Residential energy efficiency experts have begun to tackle the effects of decreasing a home’s heating and cooling needs on the indoor environment. Newly adopted building codes require homes to meet specific airtightness measurements and increased insulation levels. While few in the industry will argue against the need to build tight houses, such energy-saving measures can have unintended consequences. Many homes, especially in mixed-humid and hot-humid climates, experience interior moisture buildup that results in uncomfortable living conditions and, more importantly, indoor air quality (IAQ) issues.
Reasons good indoor air quality matters
Indoor air quality has been ranked among the top five environmental risks to public health by the Environmental Protection Agency.

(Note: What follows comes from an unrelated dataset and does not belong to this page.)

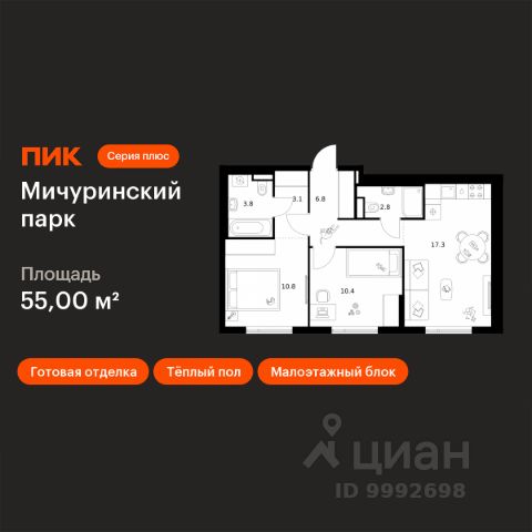Продаётся 2-комн. квартира площадью 51,6 кв.м на 2 этаже 32 этажного дома (Корпус 4.5, Секция 2) проекта ПИК Мичуринский парк. Светлый просторный подъезд на уровне земли, функциональная планировка, большие окна, c отделкой. "Мичуринский парк" расположен на западе Москвы, в районе Очаково-Матвеевское, в 7 минутах пешком от метро "Озёрная". У подъездов будет два выхода: на улицу и во двор-парк. В наших дворах мы установим столы и лавочки со встроенными зарядными устройствами. Не нужно будет возвращаться домой, чтобы зарядить смартфон или ноутбук: можно весь день работать на свежем воздухе. В лобби "Мичуринского парка" будет удобная зона ожидания, где можно встретить друзей, курьера или дождаться такси, а также гостевая туалетная комната со столиком для пеленания. На территории проекта предусмотрен подземный паркинг и кладовые с надежной системой вентиляции, пожаротушения и системой круглосуточного видеонаблюдения. Собственная инфраструктура проекта включает два детских сада и две школы. Вдоль всего "Мичуринского парка" будут проходить несколько пешеходных бульваров с местами для отдыха. Рядом с проектом несколько зелёных зон, которые прекрасно подойдут для отдыха и спорта на свежем воздухе. Жители "Мичуринского парка" смогут выбирать, куда отправиться на прогулку: в пешей доступности Очаковский парк, парк Школьников и парк Олимпийской деревни, а на автомобиле можно быстро добраться до Тропарёвского лесопарка и Мещерского парка. Вблизи "Мичуринского парка" расположены ведущие вузы: МИРЭА, МГИМО, РАНХиГС, Институт радиотехники и телекоммуникационных систем и Академия ФСБ. Артикул 956236 (Застройщик ООО "СПЕЦИАЛИЗИРОВАННЫЙ ЗАСТРОЙЩИК "ОЗЁРНАЯ 44")

Even more alarming is that according to Underwriters Laboratories, six out of 10 homes are hazardous to the occupant’s health.
- We spend 90% of our time indoors.
- We breathe up to 3000 gal. of air/day.
- Adults take approximately 16 breaths/min.

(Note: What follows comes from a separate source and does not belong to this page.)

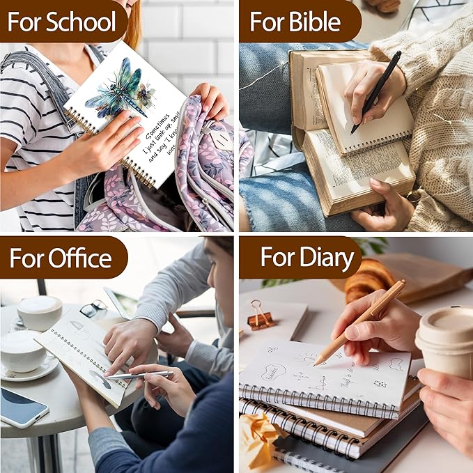 - Spiral Bound Notebook:This journal notebook features a spiral design that allows it to open completely 180°flat for easy writing. It also folds seamlessly 360°without creasing. The pages are easy to tear and don't fall apart easily

- Newborn babies often breathe 30-60 times/min.
- Toddlers breathe 20-30 times/min.
- The average person breathes approximately 13 million cu. ft. of air during their lifetime.
There are four critical components to achieving good indoor air quality: building a home with a tight envelope, mechanical ventilation, high-efficiency filtration, and dedicated humidity control.

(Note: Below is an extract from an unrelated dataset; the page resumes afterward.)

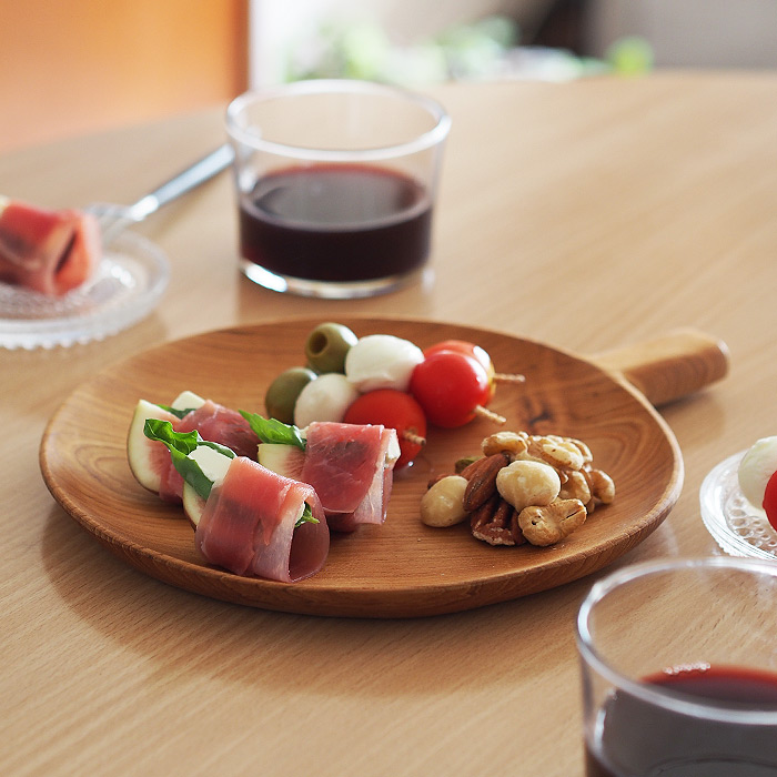 ある日の昼間のちょい飲みプレート。家にあるもので作ったおつまみをチャチャチャっと並べるだけで、あっという間にテーブルが華やぎました。このラケット型のチーク材プレートは、そんな楽しいひとときを格上げしてくれます。持ち手付きのデザインは見た目がお洒落なだけでなく、キッチンからリビングへの移動もスムーズで、持ち運びやすさも抜群。チーク材は耐久性が高く、使い込むほどに色が深まり、美しい風合いへと変化していきます。使えば使うほど愛着が湧き、育てる楽しみも感じられる一枚です。

Build tight, ventilate right
Controlling the air that leaks in and out of the home as much as possible is considered the first step when the goal is to improve the home’s comfort and IAQ. Unless you know where the air is coming from and what it is bringing with it, you have little chance in controlling the quality of the air. Once the house is made tight, mechanical ventilation and moisture control methods need to be designed to match the upgraded building envelope, or the result could lead to an unhealthy living environment.